Because of modern transportation, a lot of diseases are spread. For instance the West nile virus in 1999, where mosquitos transported in a plane and travelled all the way to New York where they were released. This caused a lot of problems which are still going on nowadays in the USA.
Other diseases that have been spread through globalisation are: Measles, Typhus, Syphilis, Smallpox, Leprosy, Malaria, Tuberculosis and HIV or Aids.
These diseases have been spread by products that are imported, mostly starting in Asia. When the product arrives in the country, the disease will spread from man to man. Just like HIV/Aids now is being spread in a lot of countries and have killed over 25 million people.
Now organisations like the World Health Organisation try to fight against these diseases at a global scale.
Population goes to town
Population goes to town can also be seen as Urbanisation. In this people move to the town as it provides more possibilities and also gives more services to the people. The United Nations projected that about half of the world has been moved to the city in 2008. Now urbanisation mostly happens in developing countries.

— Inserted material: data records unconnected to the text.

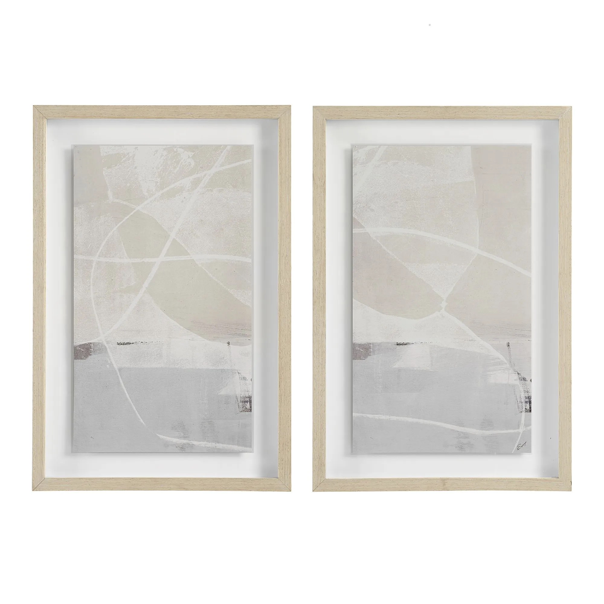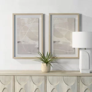The Rovereto set of two framed printed art is the perfect choice to add impact to your space. Each frame measures a generous 20” x 30” making them a great pairing as a big and bold impact over a dining room buffet, behind a living room couch, above a bed, or anywhere else your imagination takes you. Printed in neutral tones on rag paper and enclosed behind glass with a floating mount this wall art delivers an artisanal effect in any interior. Framed in rustic yet modern cream-finished wood, this set is ready to hang thanks to its convenient 2-way D-ring hanging system.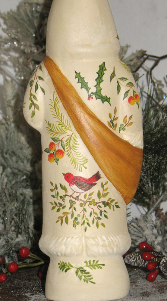 A warm welcome. The S653 is an 8.5-inch Colonial chalkware Santa hand-cast from an antique chocolate mold, then hand-painted in a soft parchment palette with winterberries and botanical songbirds tucked among evergreen boughs. The overall effect is collected and quietly festive—an Early American mood in holiday form.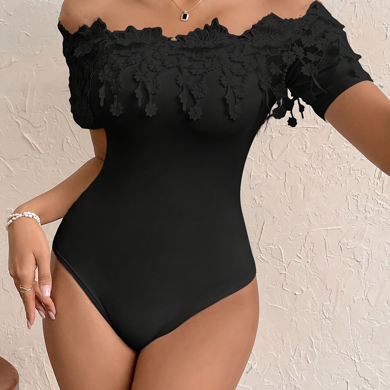 1pc Sexy Sheer Lace Bodysuit - Off-Shoulder, Soft & Stretchy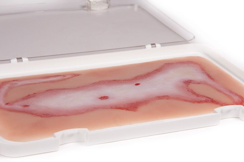 This moulage shows scalding. The moulage adheres to skin or a manikin. For longer training or improved adherence optional glue is available.
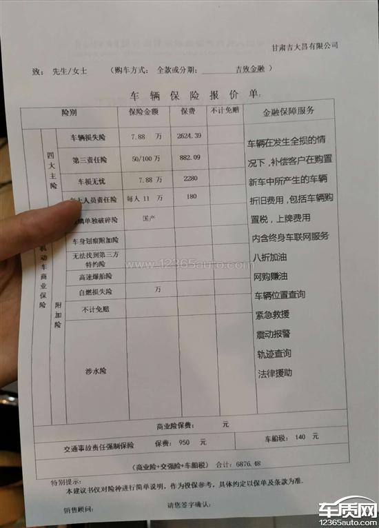 吉利帝豪GS经销商强制客户购买车损无忧险,欺诈消费者!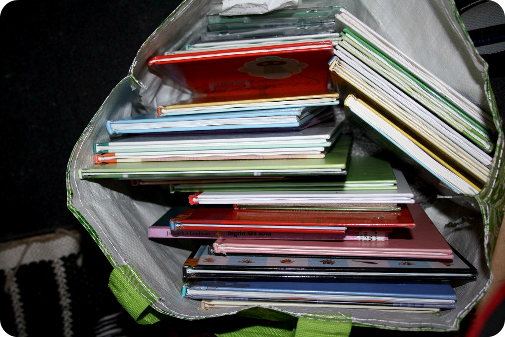 Vi har laddat upp med ny läslust. Mina böcker pep i bibbaporten. Fasen, då måste man dra fram alla 32 igen och koda om dem. Bibbatanten tittade lite på min bokhög och jag fick fram att ”vi läser ganska mycket”, varpå hon log lite mot mig och sa att ”det sägs var bra”. Ibland undrar jag hur många böcker normala familjer lånar? (PS. Man FÅR låna 50 i taget, har jag numera lärt mig).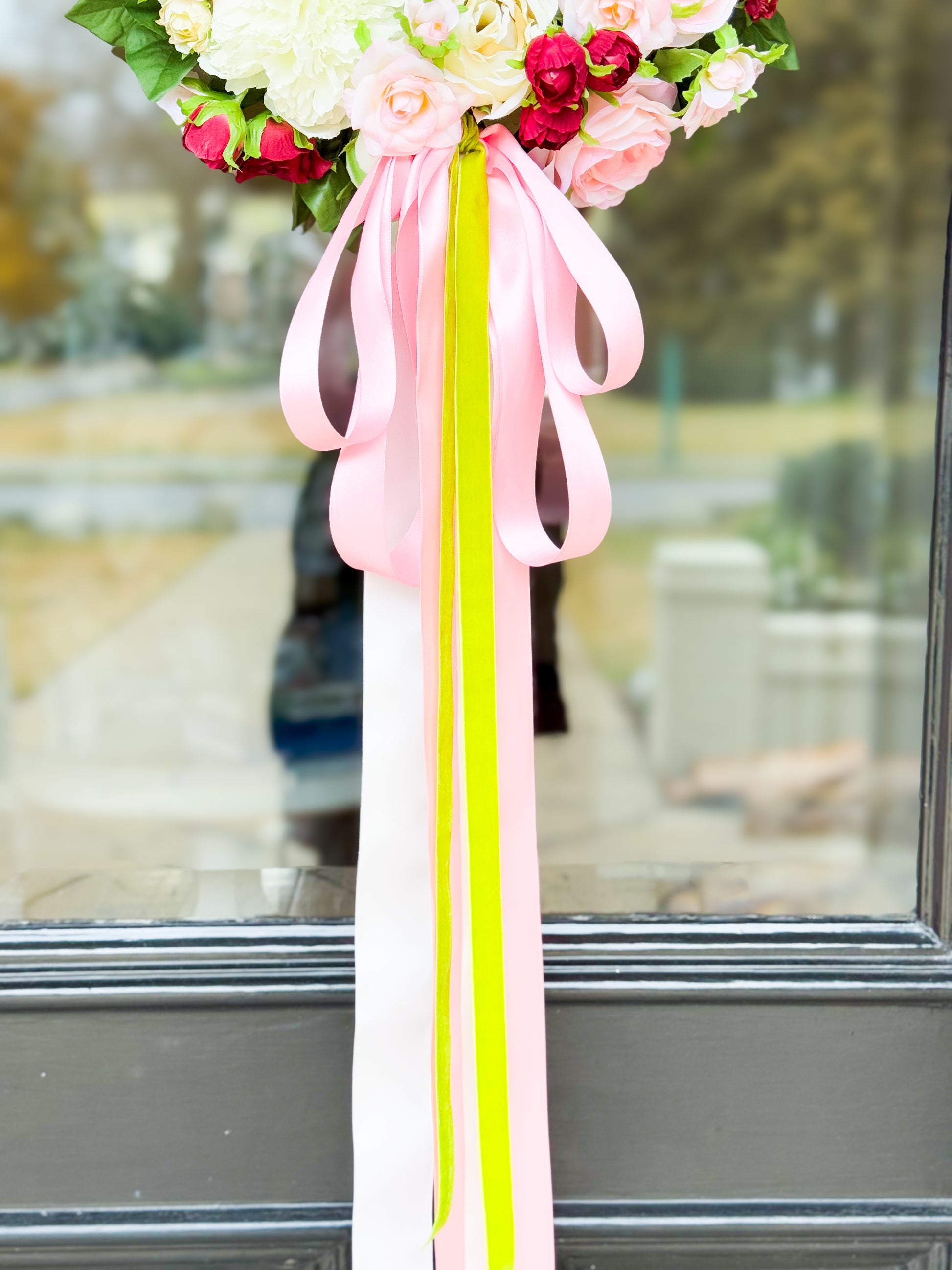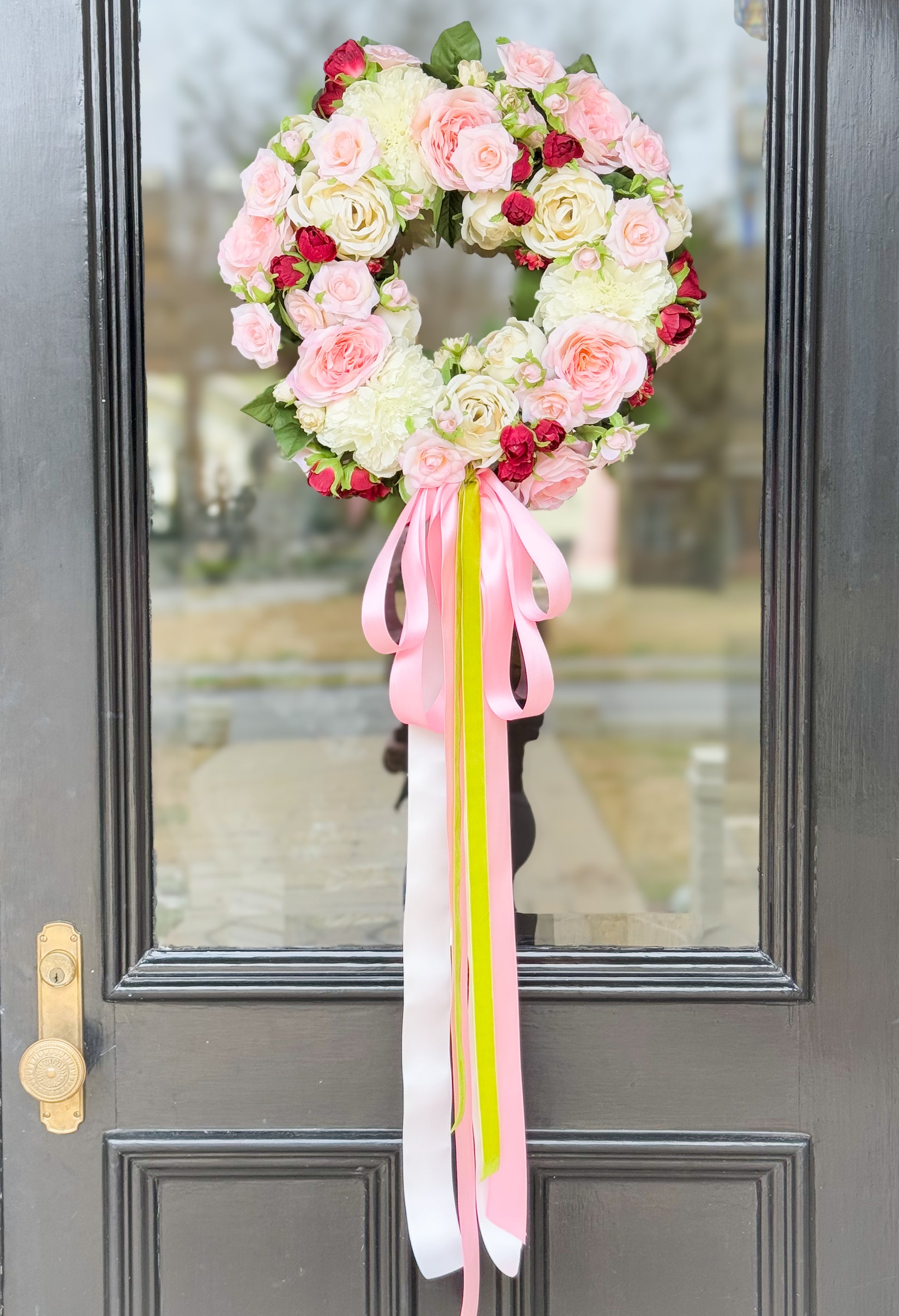 The Bloom 17” Cream And Blush Rose And Peony Wreath And Layered Bow

On the graph you can see the percentage of urbanised people in 2006.
By 2030, it is estimated that 60% of the world will be urbanised.
Urbanisation happens because the agriculture, local services and small-scale industries are being replaced by modern industry and big office buildings. People also tend to live nearby their work.
The city offers more services to the people, and for instance elder people are forced to move into the city as they need the hospital for health problems. Also the city offers more entertainment and a better quality of education.
Urbanisation has only been increasing over the last 100 years.
China is rising the fastest, it took them 22 years to go from 17% Urbanised to 32%. England did 120 years over this, The US 80 years and Japan over 30 years to accomplish this.